Where an entry contains a picture, skip the picture and write out everything else exactly.

Top of Input records

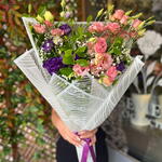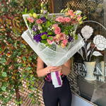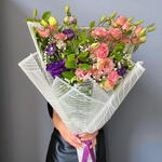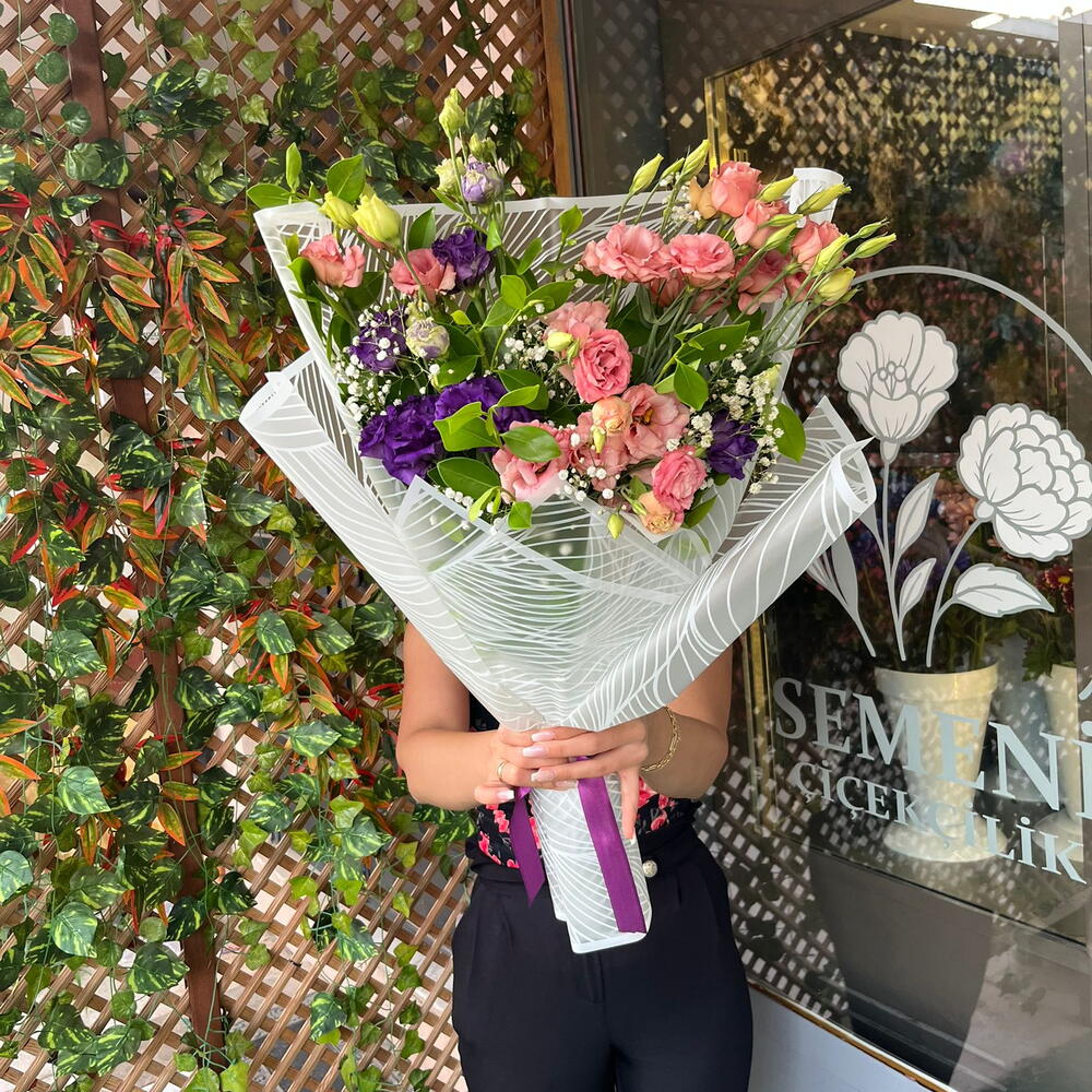 lisianthus pink - 10 adet buket kağıdı - 3 adet lisianthus mor - 10 adet yeşillik - 5 adet cipso - 5 adet cipsofilya - 1 adet
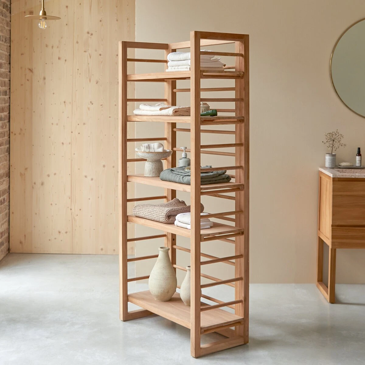 L’étagère en teck Sera (80 x 180 cm) organise tout ce dont on a besoin à l’heure de la toilette. La douceur de son coloris lui permet de se marier à tous les types de déco. Il vous suffira donc de l’ajouter à votre salle de bain existante pour ranger serviettes de bain ou de toilette, accessoires, produits de beauté et autres shampoings.
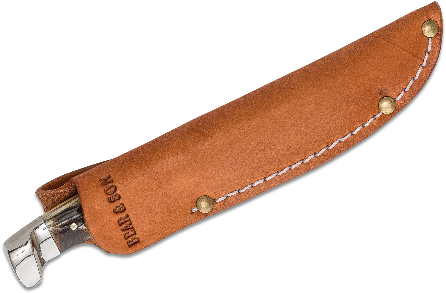 The Bear & Son India Stag fin knife is a great aide in any hunting excursion. Sturdy yet lightweight, this fixed blade weighs 2.8 ounces out of the sheath. The 3.15″ clip point blade is quick and precise to use and makes a great choice for small outdoor tasks. The stag handles give off a natural feel and are accentuated by the beautiful nickel silver bolsters. The India Stag Fin Knife comes with a genuine leather sheath with a belt loop for easy carrying.
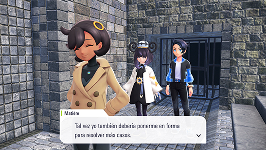 Termináis en una sala amplia, pero Chandelure no aparece. Matičre propone examinar la sala para ver si hay algo sospechoso. Inspecciona las cajas, las tuberías y demás paredes sin éxito.
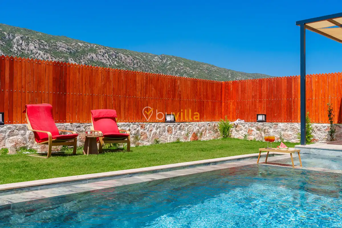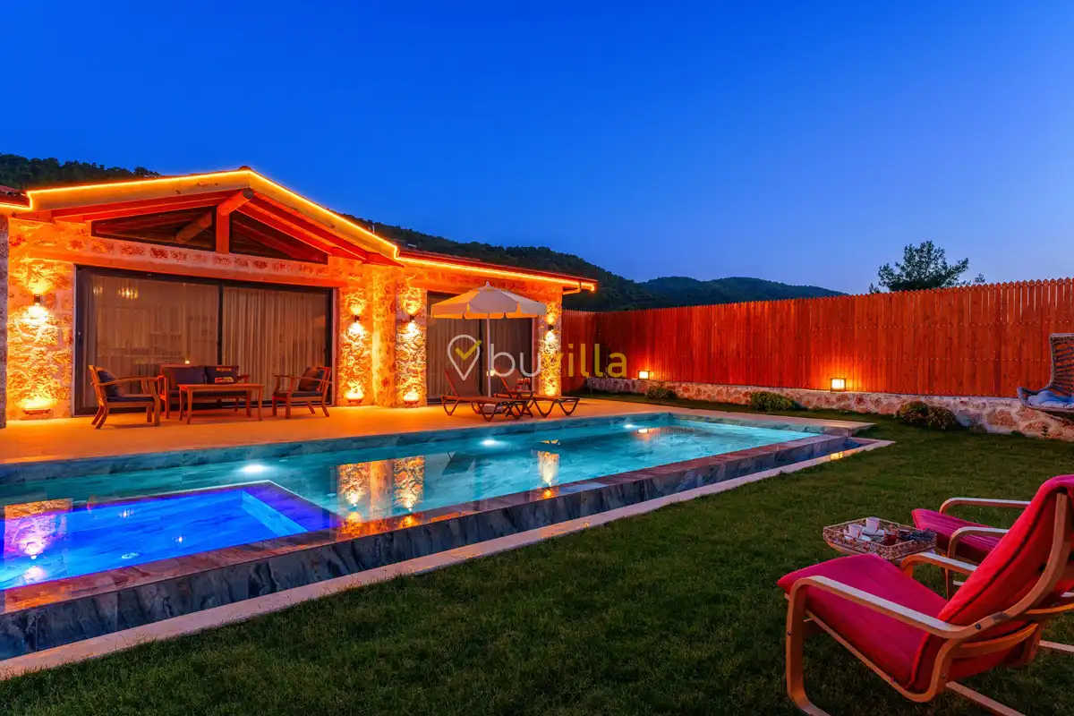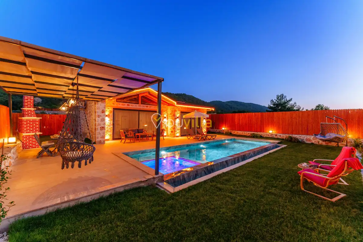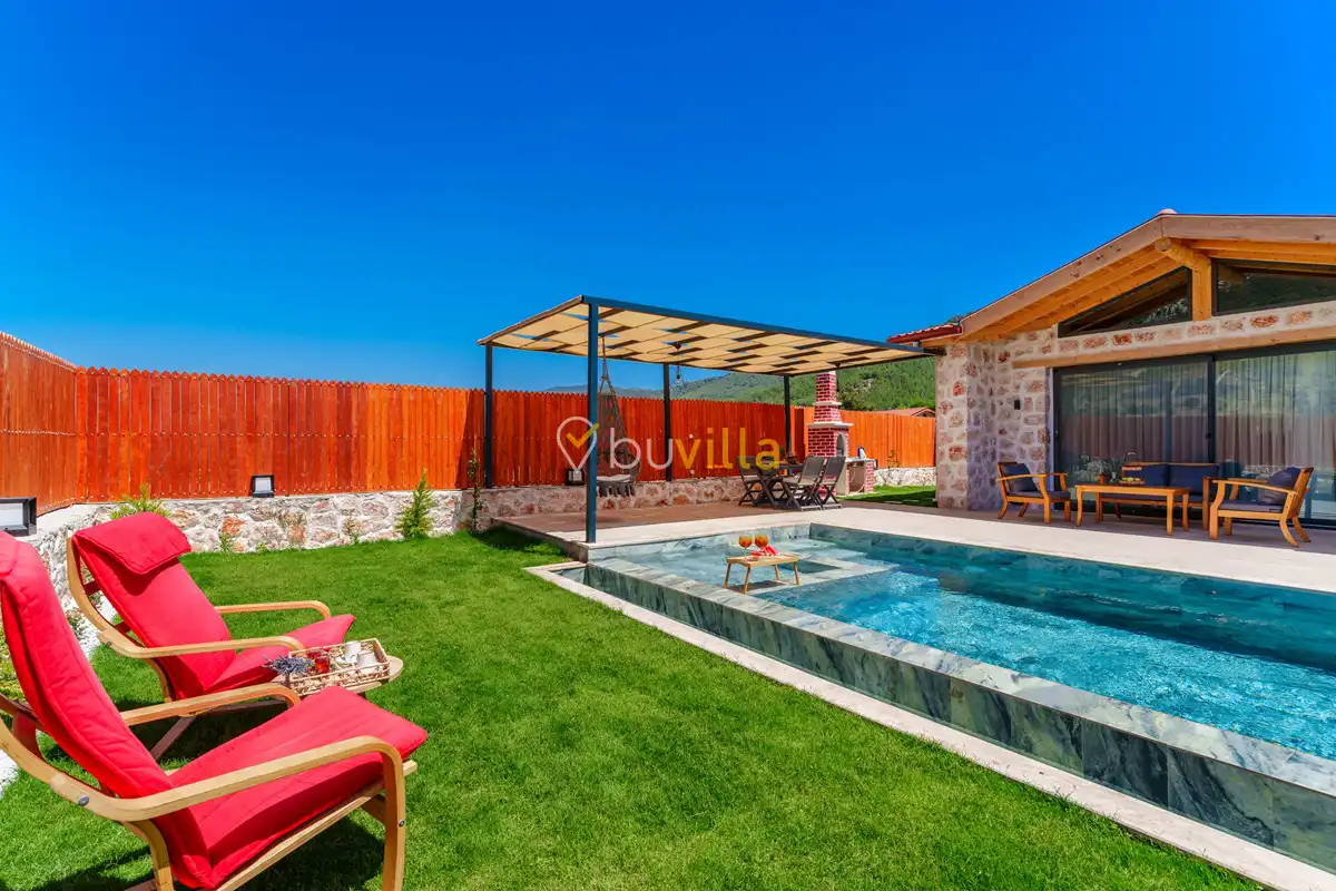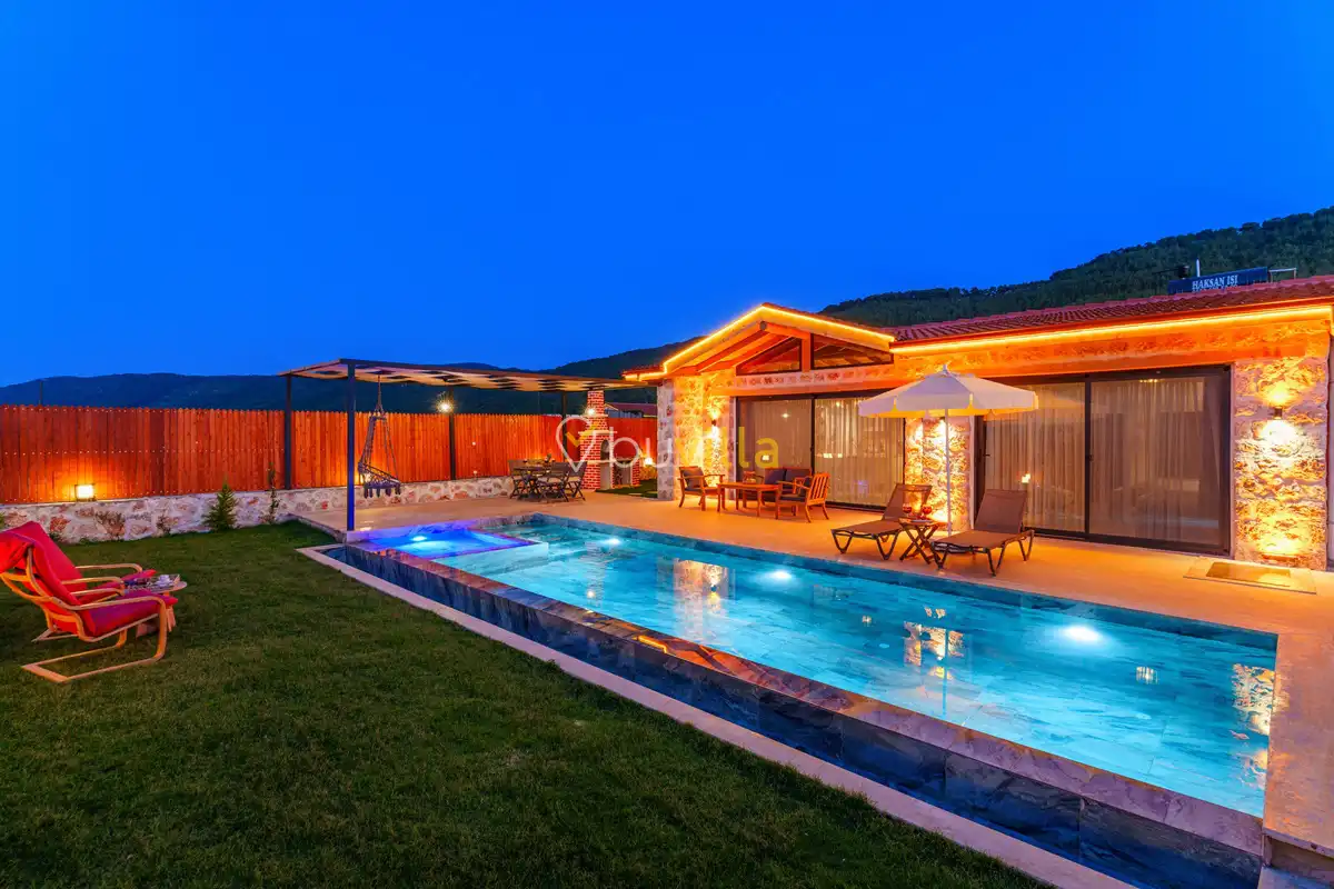 Villa Fidelya, Kalkan’ın doğayla iç içe bölgelerinden Sarıbelen mevkisinde konumlanan, geniş bahçesi ve şık mimarisiyle öne çıkan özel bir kiralık villadır. Doğa içerisinde yer alan villamız, sakin ve huzurlu bir tatil arayan misafirler için ideal bir konaklama sunar.
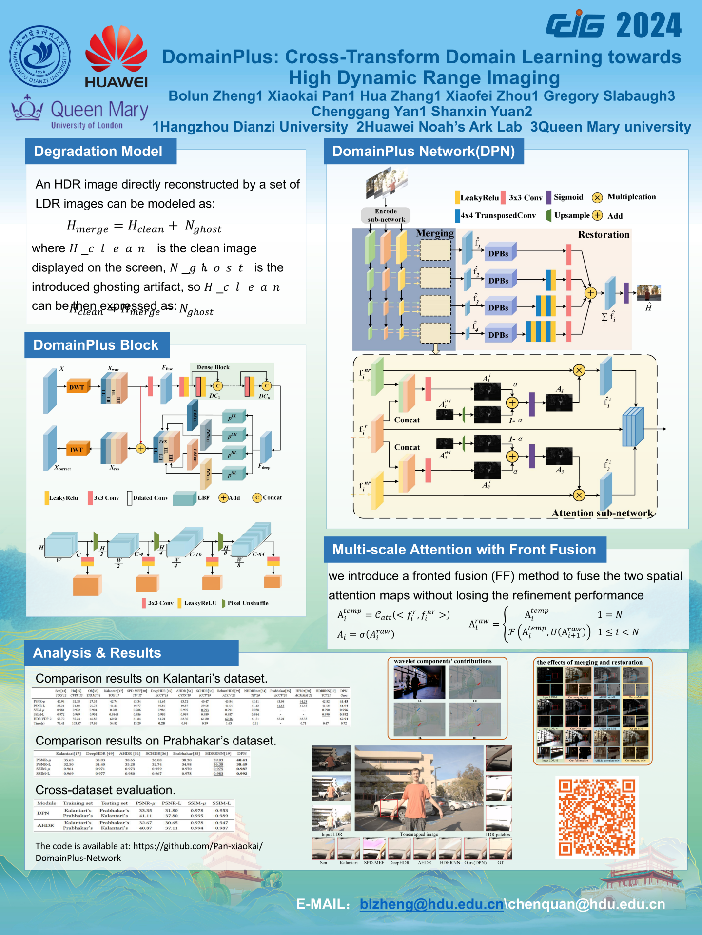 | P045 | DomainPlus: cross transform domain learning towards high dynamic range imaging | 郑博仑、潘潇恺、张桦、周晓飞、格雷戈里-斯拉博、颜成钢、袁善新 | ACMM | 查看 |

Bottom of Input records

- _Your solution_:
 lisianthus pink - 10 adet buket kağıdı - 3 adet lisianthus mor - 10 adet yeşillik - 5 adet cipso - 5 adet cipsofilya - 1 adet
 L’étagère en teck Sera (80 x 180 cm) organise tout ce dont on a besoin à l’heure de la toilette. La douceur de son coloris lui permet de se marier à tous les types de déco. Il vous suffira donc de l’ajouter à votre salle de bain existante pour ranger serviettes de bain ou de toilette, accessoires, produits de beauté et autres shampoings.
 The Bear & Son India Stag fin knife is a great aide in any hunting excursion. Sturdy yet lightweight, this fixed blade weighs 2.8 ounces out of the sheath. The 3.15″ clip point blade is quick and precise to use and makes a great choice for small outdoor tasks. The stag handles give off a natural feel and are accentuated by the beautiful nickel silver bolsters. The India Stag Fin Knife comes with a genuine leather sheath with a belt loop for easy carrying.
 Termináis en una sala amplia, pero Chandelure no aparece. Matičre propone examinar la sala para ver si hay algo sospechoso. Inspecciona las cajas, las tuberías y demás paredes sin éxito.
 Villa Fidelya, Kalkan’ın doğayla iç içe bölgelerinden Sarıbelen mevkisinde konumlanan, geniş bahçesi ve şık mimarisiyle öne çıkan özel bir kiralık villadır. Doğa içerisinde yer alan villamız, sakin ve huzurlu bir tatil arayan misafirler için ideal bir konaklama sunar.
 | P045 | DomainPlus: cross transform domain learning towards high dynamic range imaging | 郑博仑、潘潇恺、张桦、周晓飞、格雷戈里-斯拉博、颜成钢、袁善新 | ACMM | 查看 |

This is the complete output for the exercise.